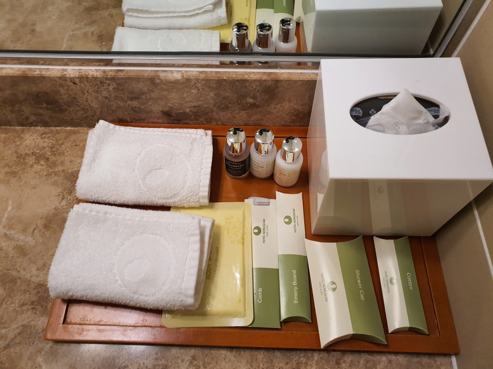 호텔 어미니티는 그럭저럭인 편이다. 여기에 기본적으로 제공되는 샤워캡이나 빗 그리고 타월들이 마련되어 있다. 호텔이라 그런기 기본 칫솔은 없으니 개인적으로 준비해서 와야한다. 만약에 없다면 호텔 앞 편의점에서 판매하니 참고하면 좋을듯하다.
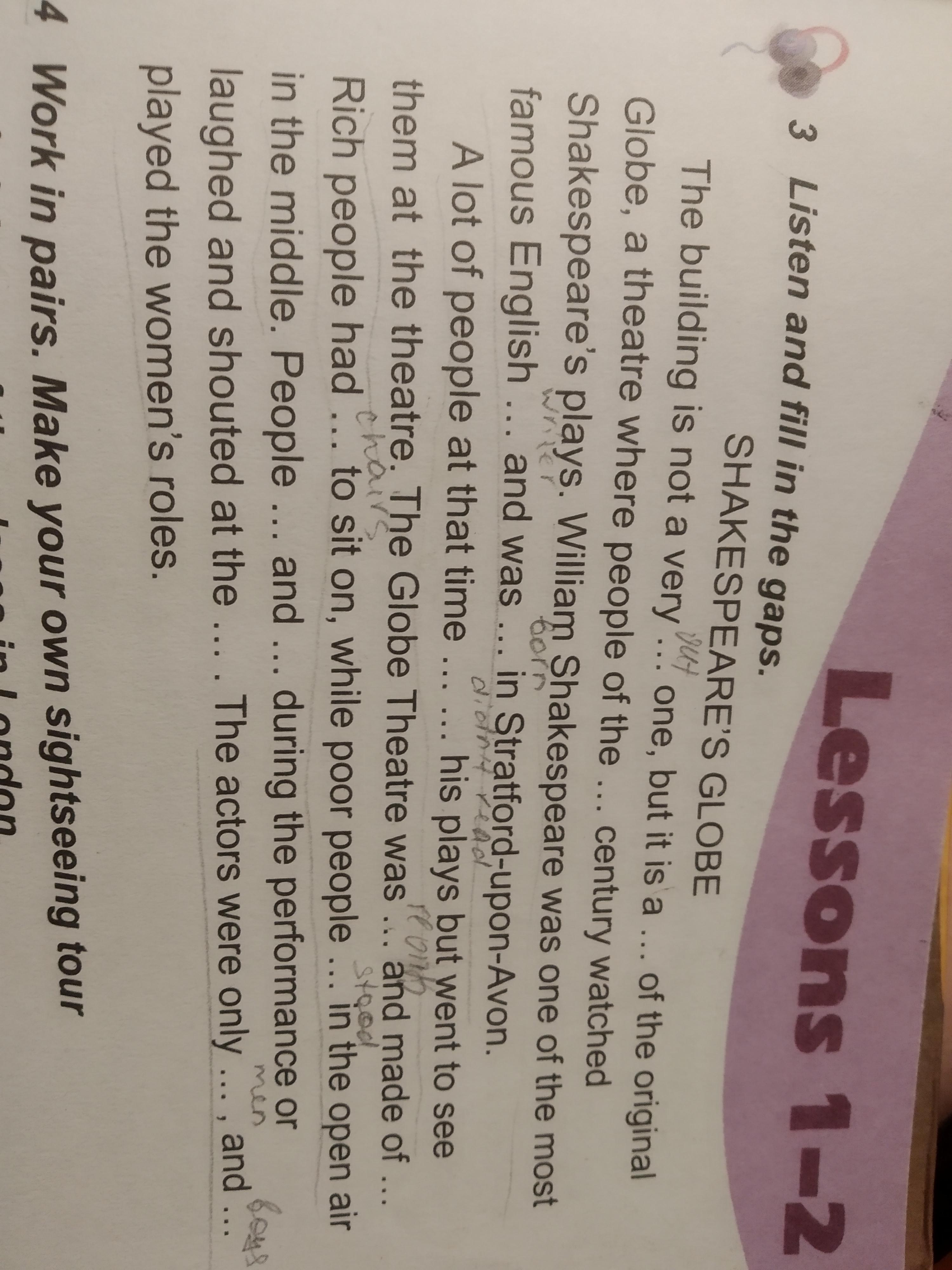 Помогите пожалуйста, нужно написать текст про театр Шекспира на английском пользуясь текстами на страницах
****************************************
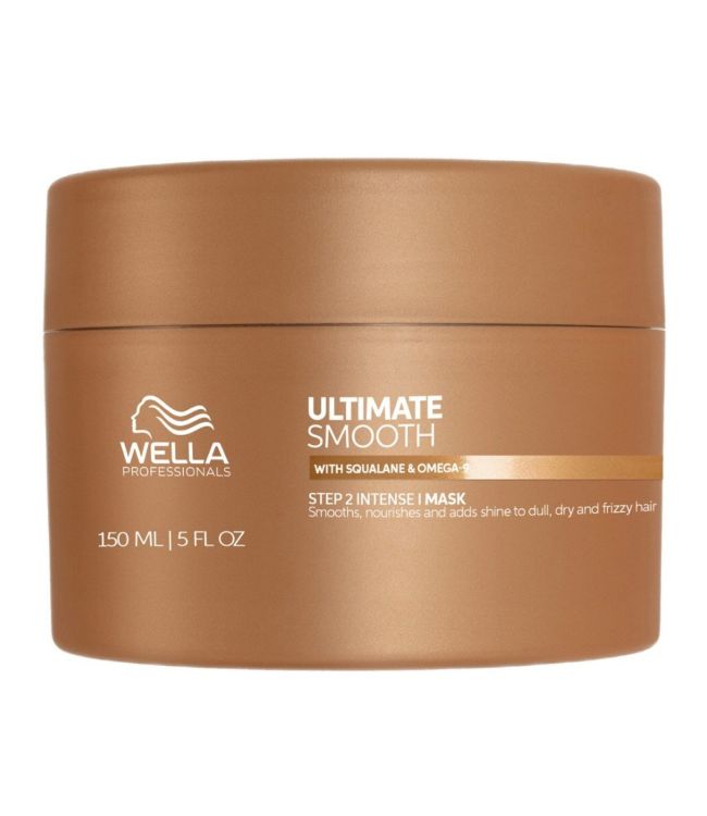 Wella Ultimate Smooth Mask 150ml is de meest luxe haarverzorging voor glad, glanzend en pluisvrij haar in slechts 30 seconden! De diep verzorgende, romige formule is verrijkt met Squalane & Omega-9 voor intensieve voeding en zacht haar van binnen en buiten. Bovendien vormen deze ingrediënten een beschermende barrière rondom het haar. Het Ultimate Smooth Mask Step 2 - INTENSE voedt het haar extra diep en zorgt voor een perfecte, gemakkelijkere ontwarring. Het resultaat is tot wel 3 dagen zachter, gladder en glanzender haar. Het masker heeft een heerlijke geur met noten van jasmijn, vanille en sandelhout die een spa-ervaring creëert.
****************************************
* **Exercise**: Copy needed, without pictures: the lines of the listing above from the line containing "호텔 어미니티는 그럭저럭인" up to and including the line containing "Помогите пожалуйста, нужно", set down exactly.

* **Written solution**:
 호텔 어미니티는 그럭저럭인 편이다. 여기에 기본적으로 제공되는 샤워캡이나 빗 그리고 타월들이 마련되어 있다. 호텔이라 그런기 기본 칫솔은 없으니 개인적으로 준비해서 와야한다. 만약에 없다면 호텔 앞 편의점에서 판매하니 참고하면 좋을듯하다.
 Помогите пожалуйста, нужно написать текст про театр Шекспира на английском пользуясь текстами на страницах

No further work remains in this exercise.